Could every line of the listing be output exactly, with the pictures skipped?

MATERIAL PROVIDED >>

--- START ---

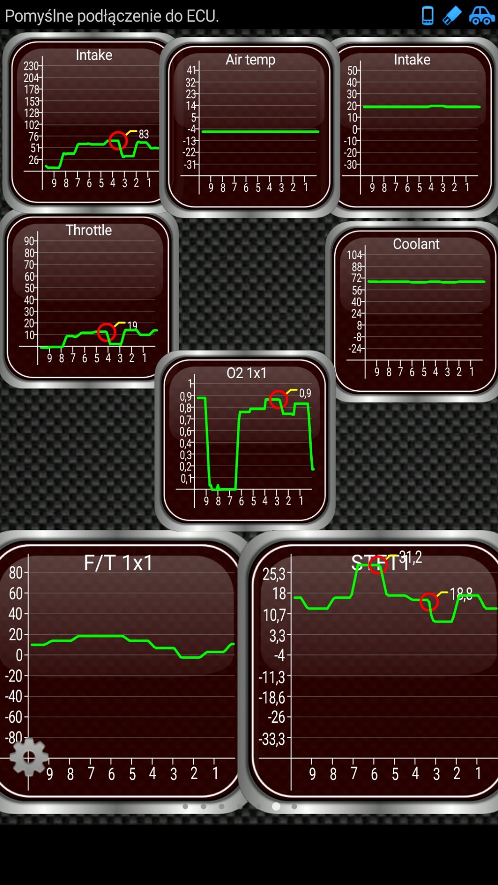 W Torque trzeba oprócz lambdy obserwować cały czas okienko STFT1. Są to krótkoterminowe korekty. Nie powinny wychodzić poza 15. NAjlepiej około 0.
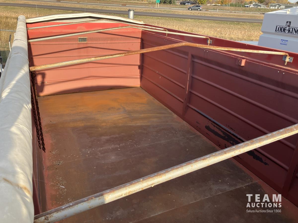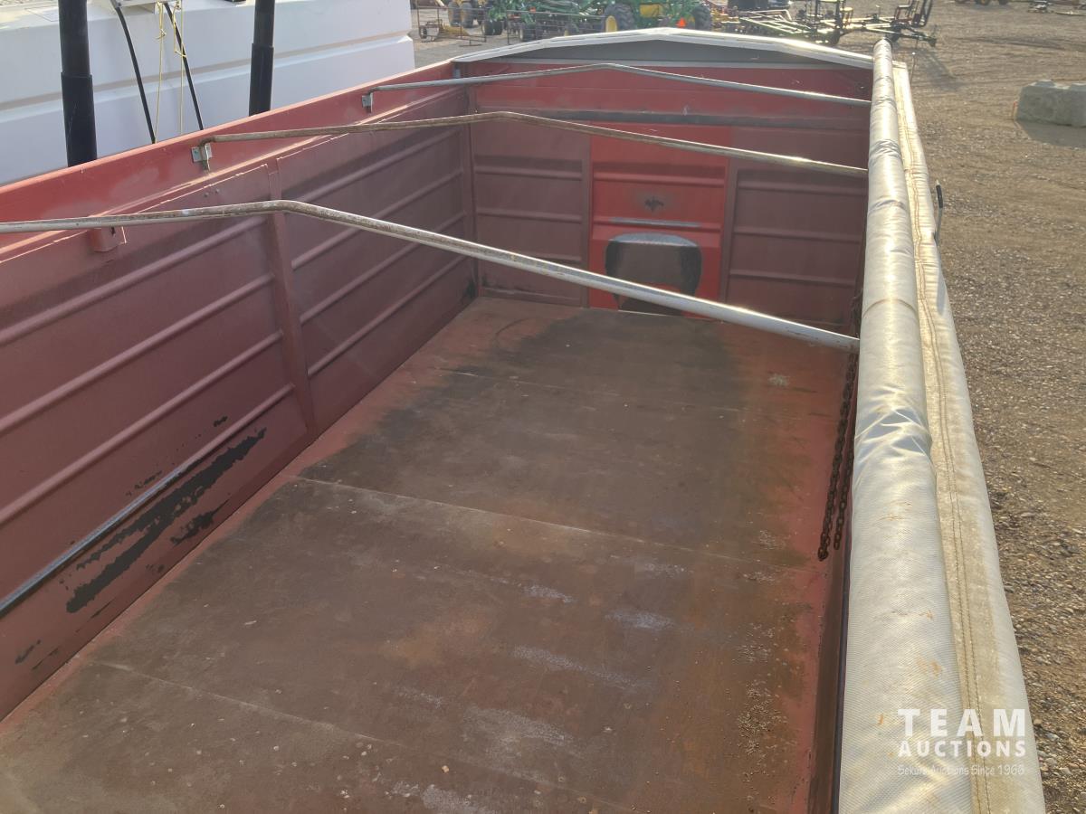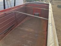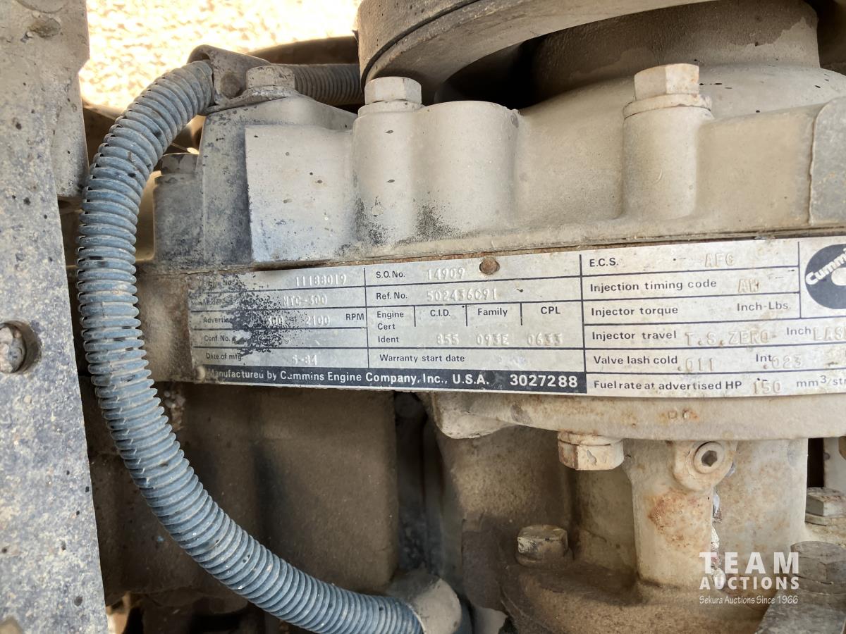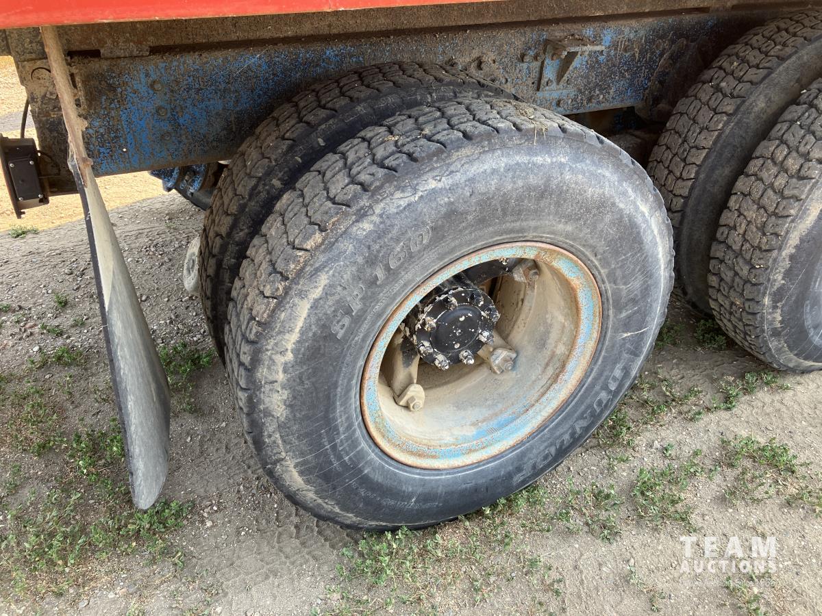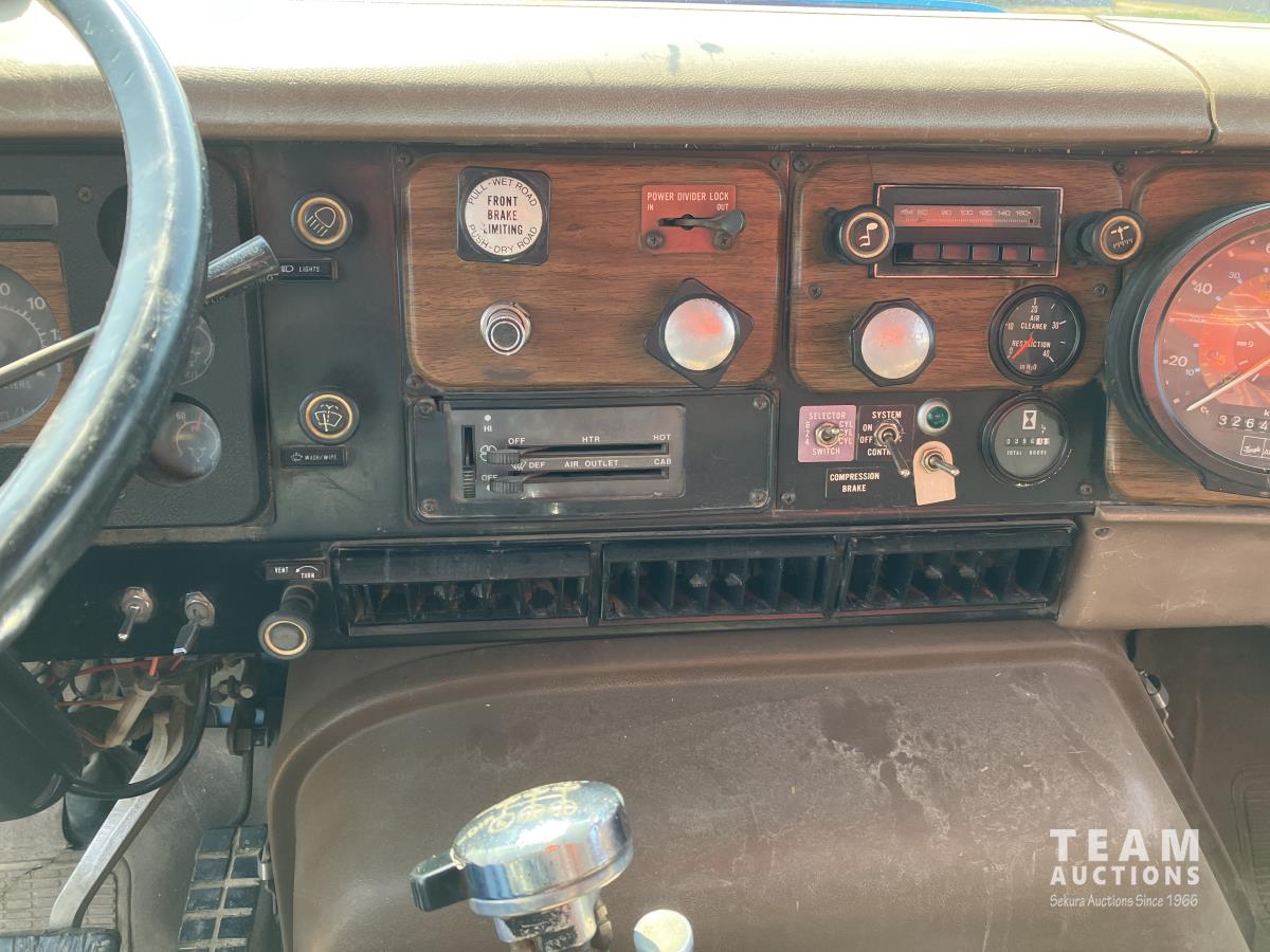 Cummins NTC-300 14 L 6 cylinder diesel engine, engine brake, Eaton Fuller ROADRANGER 13 speed manual transmission, air ride driver seat, radio, hydraulic wet kit, 21 ft box, hoist, spring suspension, diff lock, 252 inch WB, Michel's roll tarp, , 11R22.5 front tires, 10.00R20 rear tires
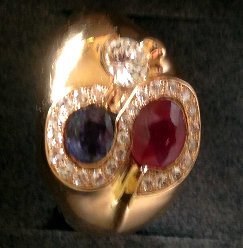 Den andra guldringen har en Rubin och en safir.
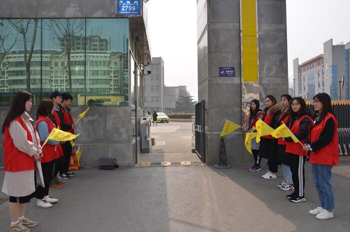 活动期间,志愿者们身着统一服装,手拿文明劝导小红旗,在保卫科人员的指导下,引导同学们遵守交通规则分流进出校门口,自觉维护交通秩序;提醒过往行人注意交通安全;并提供问路指引等力所能及的便民服务。

--- END ---

RESULT OF THIS EXERCISE >>
 W Torque trzeba oprócz lambdy obserwować cały czas okienko STFT1. Są to krótkoterminowe korekty. Nie powinny wychodzić poza 15. NAjlepiej około 0.
 Cummins NTC-300 14 L 6 cylinder diesel engine, engine brake, Eaton Fuller ROADRANGER 13 speed manual transmission, air ride driver seat, radio, hydraulic wet kit, 21 ft box, hoist, spring suspension, diff lock, 252 inch WB, Michel's roll tarp, , 11R22.5 front tires, 10.00R20 rear tires
 Den andra guldringen har en Rubin och en safir.
 活动期间,志愿者们身着统一服装,手拿文明劝导小红旗,在保卫科人员的指导下,引导同学们遵守交通规则分流进出校门口,自觉维护交通秩序;提醒过往行人注意交通安全;并提供问路指引等力所能及的便民服务。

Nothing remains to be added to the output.